The content length is the length of the content in the message except the header. The HTTP message comprises an uplink message, namely a request message, and a downlink message, namely a response message, the HTTP request message comprises a request method, a request URL, an HTTP protocol and version, a message header and a message body, and the HTTP response message comprises a message protocol and version, a state code and state description, a response header and a response body. The HTTP message header comprises Cache-Control, Content-Type, Content-Length, Content-Charset, Port, Host and the like, and field information such as Content Length-Length, Host and the like can be extracted from the HTTP message header to generate a full-user HTTP ticket, wherein the HTTP ticket is recorded information of HTTP access requests of all users in a certain area. Wherein, the host can be IP, port number or domain name.

According to an embodiment of the present invention, the HTTP message of the user can be obtained by analyzing the deep analysis message data.

The DPI deep analysis message can complete analysis, protocol identification and content identification of the user data message by identifying and analyzing uplink and downlink data packets of the user, and obtain valuable information such as a destination URL (uniform resource locator). And may match control rules based on identified traffic classes or parsed keywords.

According to an embodiment of the invention, the user HTTP message may be identified by the probe device. For example, message recognition may be performed using a probe device TMA (tower mounted amplifier) that is in series on the metro network egress link.

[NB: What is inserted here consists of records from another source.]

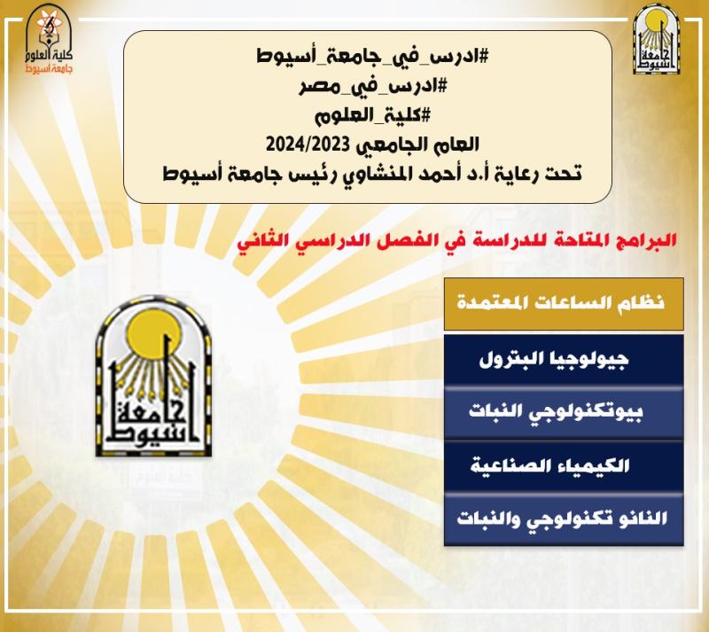 متاح الآن التقديم للدراسة من الفصل الدراسي الثاني بكلية العلوم جامعة أسيوط حتي 31/1/2024
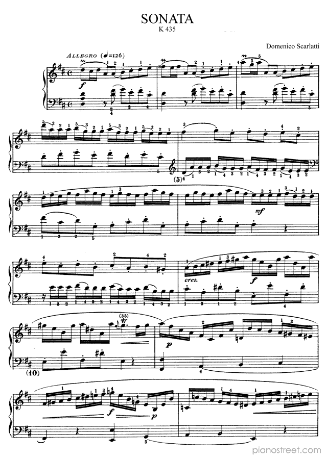 DOWNLOAD Sonata in D Major K. 435 by Domenico Scarlatti. High quality classical piano scores from the Piano Street sheet music library.
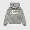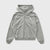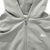 Gray cotton zip-up hoodie. It features kangaroo pockets on the front, ribbed cuffs and waistband. It features a flat print on the front and a raised print on the back.
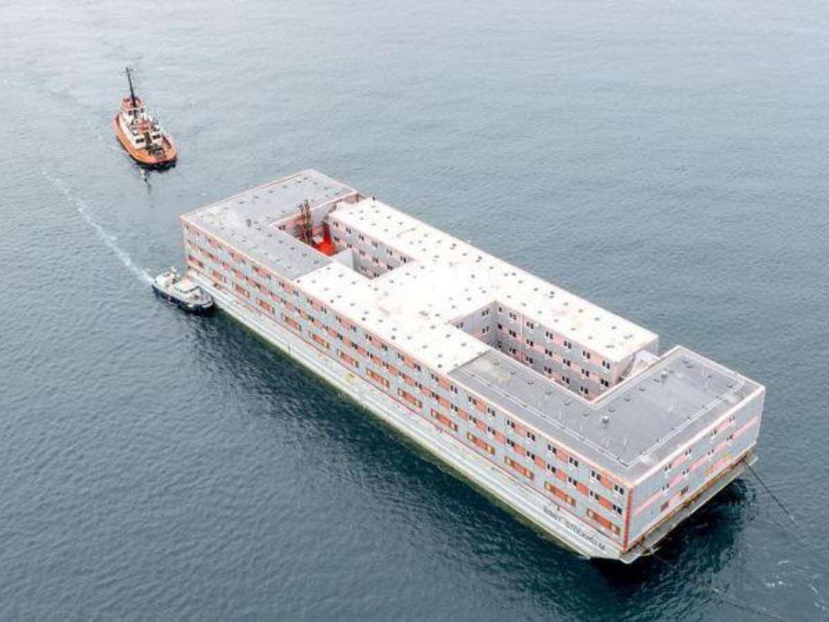 Na semana passada, a "Bibby Stockholm" foi retirada de um dique seco no porto de Falmouth, após uma reforma que permitirá acomodar até 500 homens solteiros, pelo menos nos próximos 18 meses.
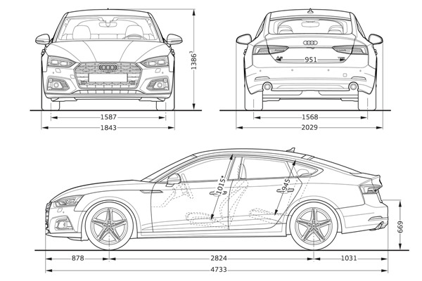 아우디 A5 스포츠백 크기는 전장 (4,733mm), 전폭 (1,843mm), 전고 (1,386mm), 휠베이스 (2,824mm) 크기입니다. 아우디가 지목한 BMW 4 시리즈 크기 전장 (4,640mm)/ 전폭 (1,830mm), 전고 (1,365mm) 보다 큰 차체를 적용했습니다.
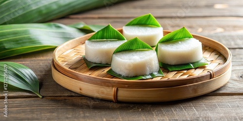 Steamed glutinous rice cake with sweet coconut milk and pandan leaves, traditional malay dessert, steamed rice cake
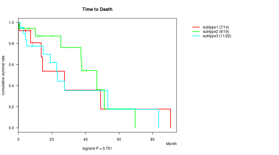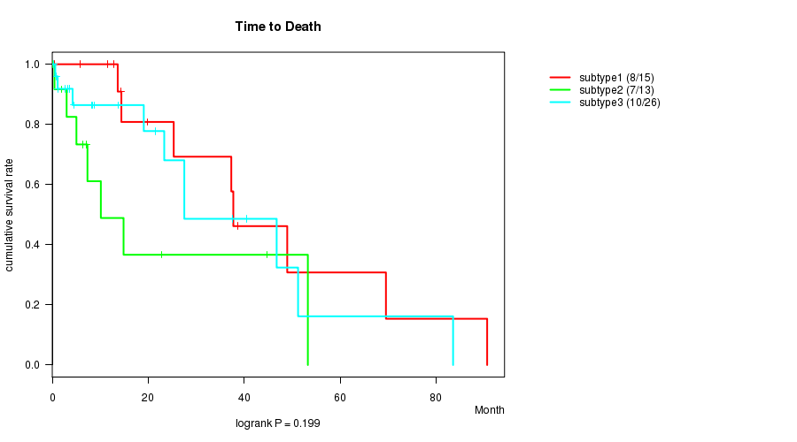 Figure S7. Get High-res Image Clustering Approach #3: 'MIRseq CNMF subtypes' versus Clinical Feature #1: 'Time to Death'

According to an embodiment of the invention, the message header corresponding to the HTTP message successfully analyzed can be imported into a ticket acquisition system to generate a full amount of user HTTP tickets, and the HTTP message unsuccessfully analyzed can be attributed to junk data.

The call ticket collection system can be realized by using C # language and FTP downloading, and can collect port data in real time.

According to an embodiment of the invention, the identified HTTP message can be transmitted to the call ticket collection server through the port mirror image, so that the convergence of the request message and the response message is realized.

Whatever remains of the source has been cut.